Затем встал из-за стола, холодно откланялся и зашагал к выходу. Внутри все кипело, до того противно было кривляться. Я клял свою работу и от всей души завидовал счастливцам, которые могли бросать бомбы в таких негодяев. Я все еще не оставил мысли, что они вызвали полицию, и, подойдя к двери, недоверчиво глянул по сторонам.
Больше всего мне хотелось поскорее попасть в безопасное место. В Берлине меня окружали враги, и я каждую минуту ждал, что меня схватят и начнут допрашивать.
Слова Рудольфа наполнили меня гордостью. «Поляки — враги фюрера и Третьего рейха, — звучало у меня в ушах. — Они всеми силами стараются навредить Германии». Какая честь!
Я вернулся на вокзал и прилег отдохнуть в темном промозглом зале ожидания. Мне вспомнились былые времена, когда я жил в доме Рудольфа и Берты. Мы были так привязаны друг к другу. И их приязнь казалась такой искренней, такой душевной. Теперь же они словно глубоко и безнадежно больны. Есть ли средство вернуть им прежний облик? Эти мысли не давали мне покоя. Что станет после войны со страной, где целых десять лет царил чудовищный, попирающий человеческое достоинство режим?
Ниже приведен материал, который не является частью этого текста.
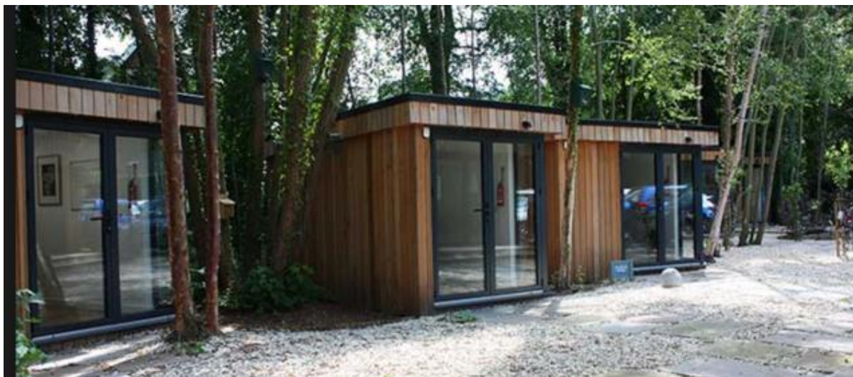
Figure 12: Rural Enterprise Hub at Northumberland National Park Head Office, Hexham
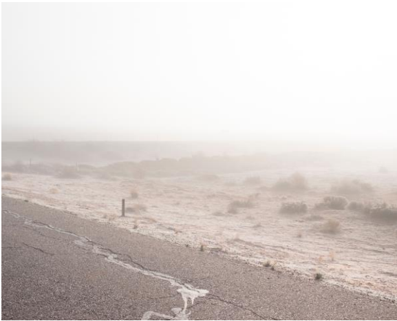
US 163, Utah, 2018
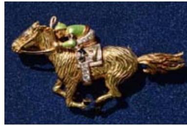
Fine Cartier pin
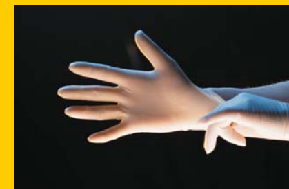
Listen to front line worker concerns and take action.
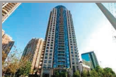
$269,900 Tridel Built Ultra Ovation. Close to Square One, hwy and Go Transit. 24 Hr Concierge, Swimming Pool, Fantastic Clear South View Of The City & Lake, Great Lay Out 1 Bedroom + Den.
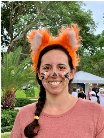
The Tabby Tiger
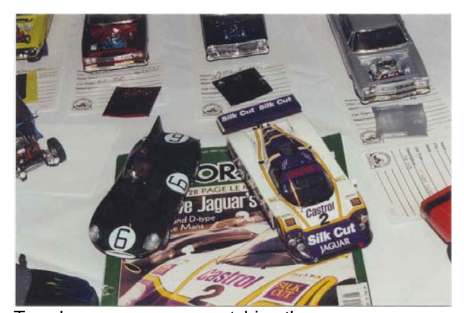
Two Jaguar race cars, matching the cover photo on the magazine.

So it was another great event, lots of nice models, a large raffle, and a great time hanging out with fellow modelers.
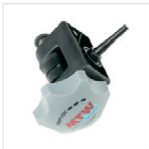
Handel with winding drum
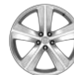
20" SRT® Forged Aluminum Std. on SRT8®
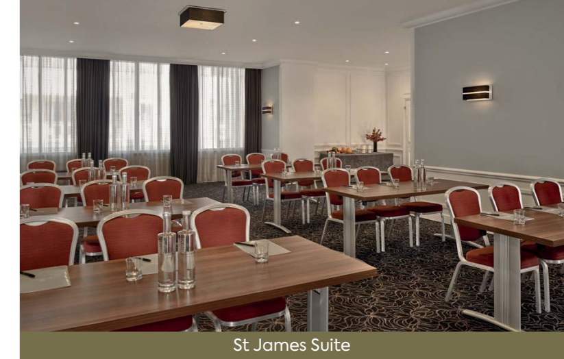
St James Suite
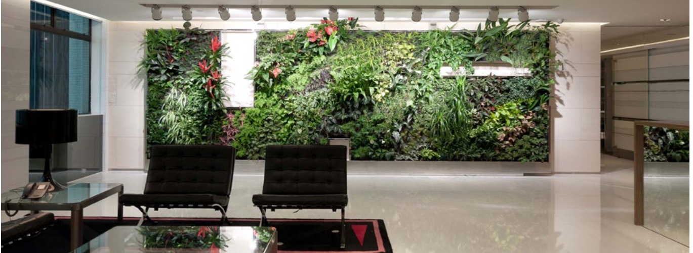
Bring the outdoors inside with a "living wall" (Ronald Lu & Partners Green Wall, Hong Kong)
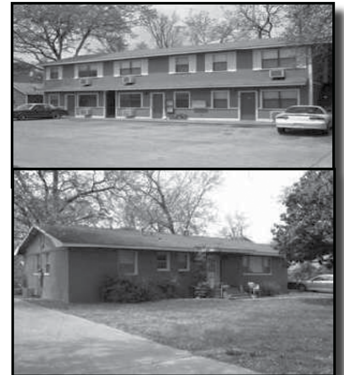
Leverett Complex (U of A)
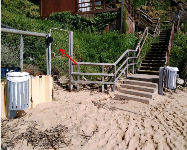
Location: Western elevation, Beach entry, on fence Result: 0 fibres / 100 fields Image Id: 230215-100459
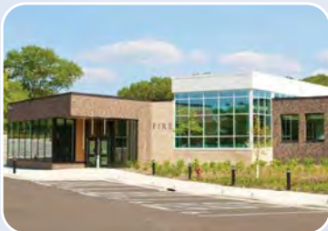
Minnetonka Fire Station 1 14550 Minnetonka Blvd.
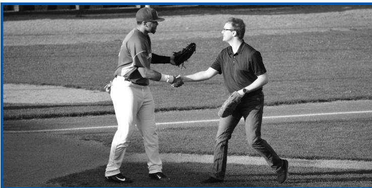
Throwing out the first pitch at the Old Orchard Beach Surge game.
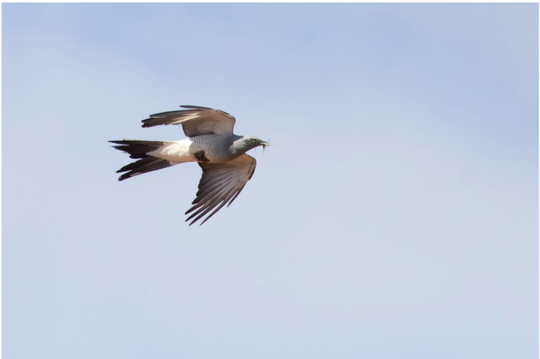
Ground Cuckooshrike
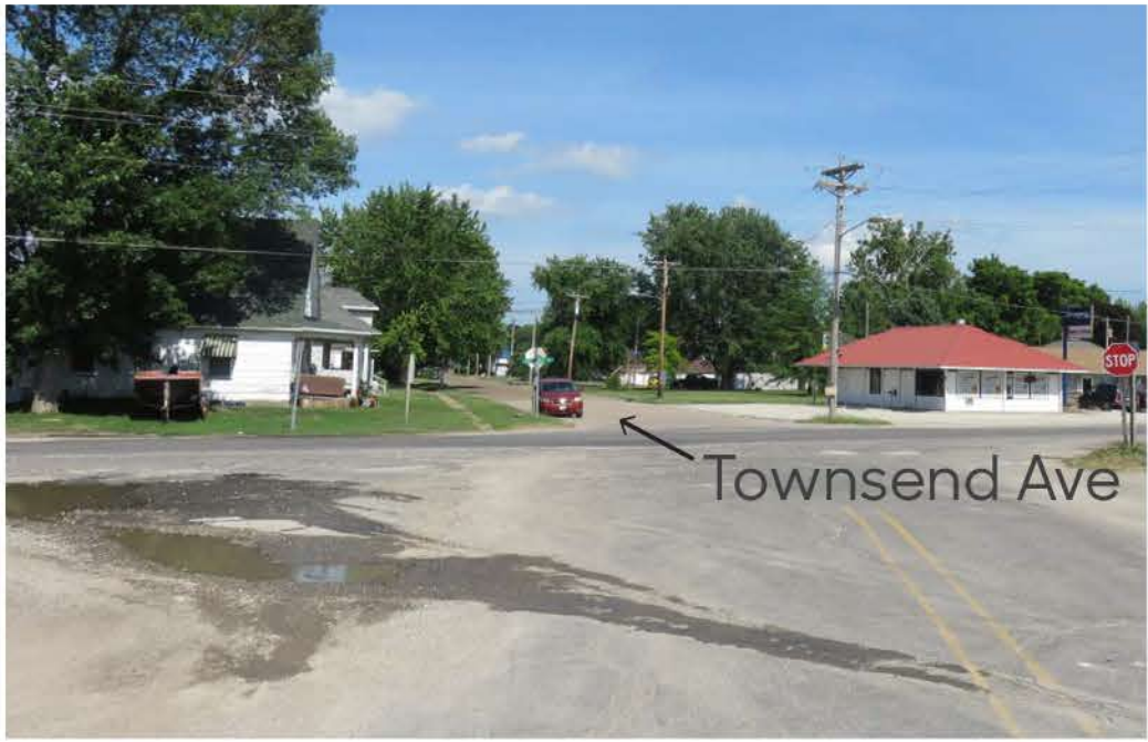
Existing Hwy 61
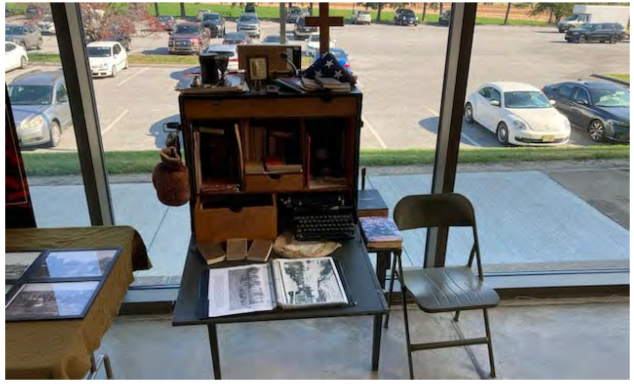
Below is another view of the Chaplaincy display.

The display below shows a Chaplain's field desk and key materials the Chaplain would use to support soldier moral and spiritual needs.
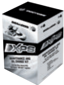
XPS 4-STROKE OIL CHANGE KIT P. 58
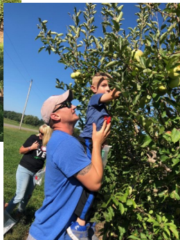
Happy Days Preschool visits Schwartz Apple Orchard in September.
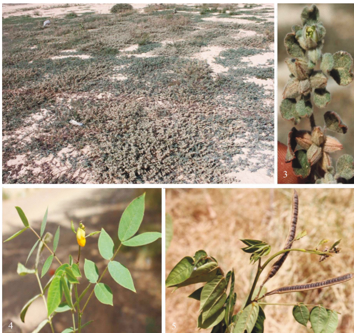
Figures 2, 3. Glinus lotoides : habitat (Fig. 2); flowering twig with fruit capsules (Fig. 3). Figures 4, 5. Senna occidentalis : flowering twig (Fig. 4); pods (Fig. 5).

possibility of spontaneous occurrence of new vascular plants to the country's flora. The increased knowledge of the existence of newly recorded species and their habitats can assist to detect, monitor, measure and predict changes in biological diversity and its conservation.

Возможно ли перевоспитать молодых людей вроде тех двух юных нацистов, привыкших потакать своим звериным инстинктам, которых я видел недавно в варшавском гетто, смогут ли они занять свое место в мире, основанном на любви к ближнему, уважении к человеческой личности?
Я провел на вокзале всю ночь, а наутро уехал из Берлина.
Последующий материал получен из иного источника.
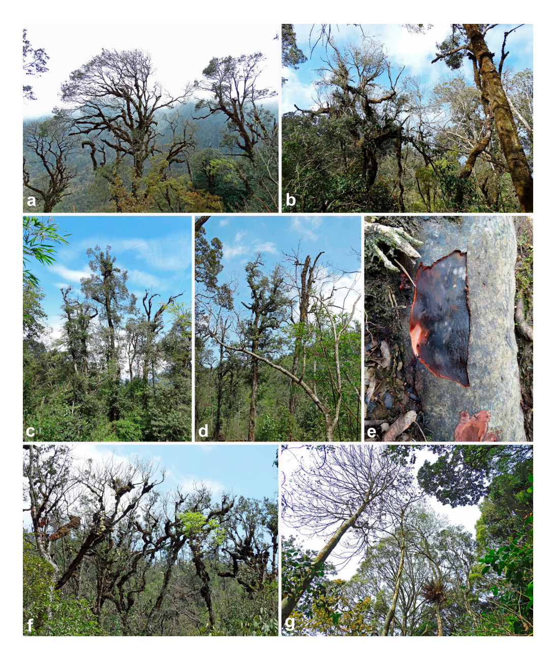
Figure 3. Disease symptoms of mature native trees in natural forest stands in Vietnam associated with presence of Phytophthora species in the rhizosphere; ( a – f ) montane evergreen cloud forests in Hoàng Liên National Park; ( a ) crown thinning and dieback of Quercus glauca in forest stand F03 (2337 m a.s.l.; P. cinnamomi A2); ( b ) crown dieback and mortality of Castanopsis acuminatissima and Neolitsea poilanei in forest stand F05 (2249 m a.s.l.; P. attenuata, P. castaneae, P. cinnamomi A2); ( c , d , f ) severe crown dieback and mortality of C. acuminatissima in a swampy depression of forest stand F06 close to stream R01 (2083 m a.s.l.; P. castaneae, P. cinnamomi A2, P. gregata ); ( f ) the white flowers and young leaves in the crowns of C. acuminatissima belong to the epiphytic Rhododendron leptocladus ; ( e ) bark lesion with staining of the underlying cambium caused by P. cinnamomi A2 on a surface root of C. acuminatissima in forest stand F07; ( g ) mortality of Dysoxylum juglans in suptropical humid evergreen forest stand F15 in Ba Vì National Park (1108 m a.s.l.; P. sp. attenuata-like 3).

For the isolation of Phytophthora spp. from the 16 rivers and streams, an in-situ baiting technique was used [10,11]. Twelve of the 16 riparian baiting sites were located inside or downstream of natural forests (Figure 2c). At each site, 15–20 non-wounded young leaves of the native C. indica, Citrus sinensis, L. bacgangensis, Q. glauca, and, in some cases, Carpinus sp., C. hodginsii, Cinnamomum iners, Dipterocarpus alatus, Prunus sp., Q. gilva and A. mangium were placed as baits in a 25 × 30 cm raft, prepared using
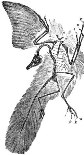
Figure 1 Iconic Archaeopteryx . This is the ‘Berlin specimen’, discovered in 1877 and now kept at the Humboldt Museum in Berlin. The ‘London specimen’, which Domínguez Alonso et al. 4 worked with, was discovered earlier (in 1861) and, although the head was separated from the body, it preserves the part of the skull enclosing the brain in exquisite detail.

Obtaining an understanding of the brain and sense organs is a top priority for palaeontologists, because such knowledge can offer insight into the behaviour of extinct organisms not otherwise provided by the skeleton. In the case of Archaeopteryx , from the beginning the question has been — could the oldest-known bird fly? In the past, answers have been sought from
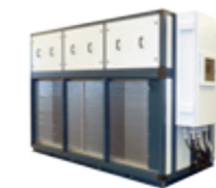
VHR Air cooled chiller plug fan

Глава XXXIIПо дороге в Лондон
По пути из Берлина в Брюссель я опять притворялся, что у меня болят зубы. Но на этот раз не остался незамеченным. Ко мне проникся симпатией и то и дело сочувственно кудахтал какой-то толстый бельгийский коммерсант. Я отвечал односложно и неучтиво, но это не оттолкнуло его, и по прибытии в Брюссель он чуть не силой потащил меня в пункт немецкого Красного Креста. Пристал, как пиявка, так что избавиться от него, не привлекая внимания окружающих, я не мог. К счастью, моего акцента он не заметил. Выручила мнимая зубная боль.
В медпункте мои зубы внимательно осмотрели немецкий унтер-офицер и медицинская сестра. В результате сестра с улыбкой сказала:
— Вы крайне легкомысленно относитесь к своему здоровью и из-за этого уже лишились нескольких зубов. Сейчас вам больно — может, хоть это научит вас заботиться о себе.
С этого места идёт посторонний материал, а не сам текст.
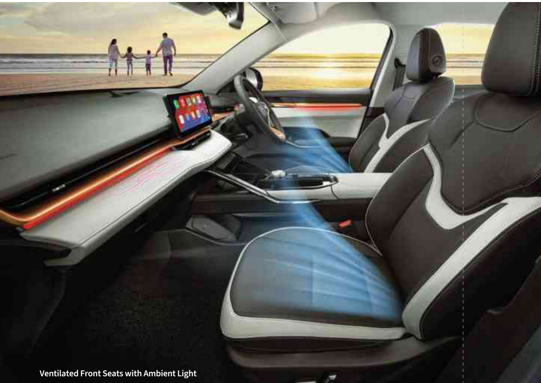
Ventilated Front Seats with Ambient Light
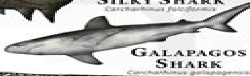
GALAPAGOS SHARK Carcharias galapagensis
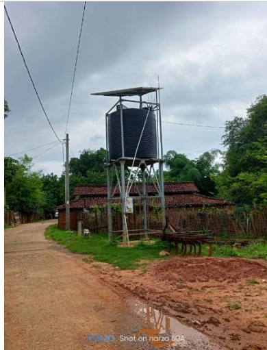
Solar based Drinking water supply in Village & Panchayat Pithachor (Bonaigarh) is lying defunct, requires maintenance
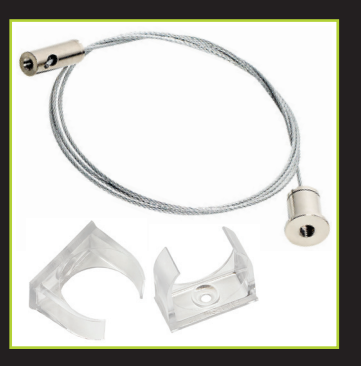
Suspension Kit & Polycarbonate Clips
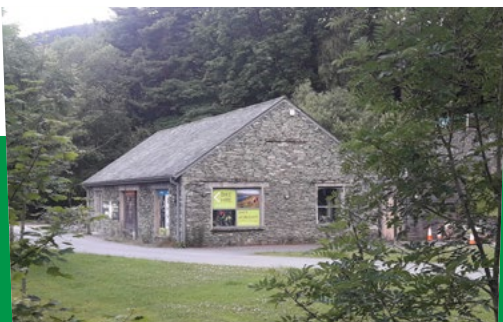
Grizedale Bike Hire building.
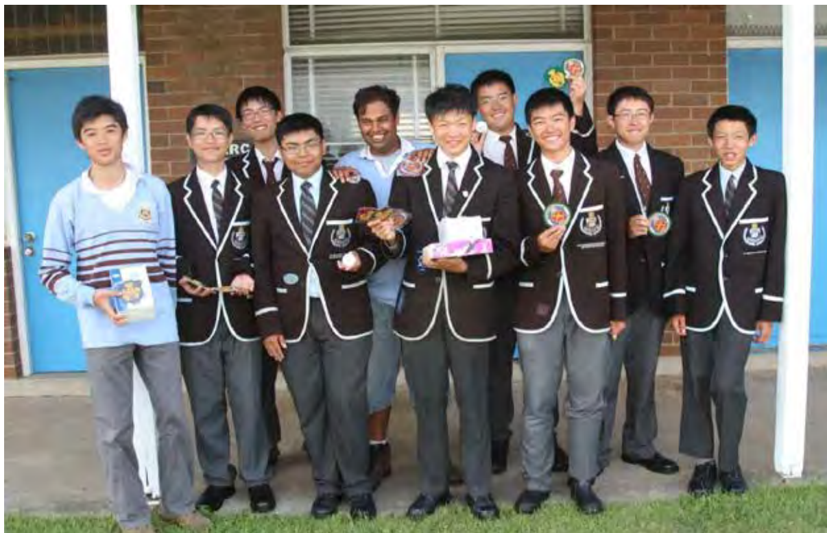
Sydney High Team after the NSW Queens Prize Shoot
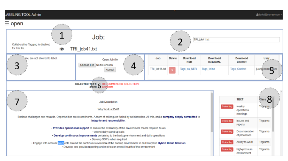
Figure 3 Tagger Interface.

Section four allows the users to upload plain text files in order to be tagged. Every tagger user can upload files as needed. Section five is one of the most important sections since it offers the possibility to download the formatted plain text files in each one of the three available formats. This section also displays the information of the current plain text file selected, such as the name, the owner and the possibility to delete the file in case that the owner is the current user. Section six have been integrated in order to provide help to each user at the time of highlighting the most important concepts in the text. When a user selects one keyword or concept in the text, he can omit part of the complete real concept so in that case, the web-tool offers an alternative to the highlighted text, such as in figure 3, where the user selected arch and the web-tool offers the correct alternative for this case: architects .

Мне страшно хотелось сказать ей, что потерей зубов я обязан не столько своему «легкомыслию», сколько «заботам» гестапо.
Медики обработали мне рот антисептиком и дали транквилизатор. Эта возня очень меня позабавила. «Вот она война, — подумал я. — Сначала одни немцы выбивают мне зубы, а потом другие дезинфицируют раны».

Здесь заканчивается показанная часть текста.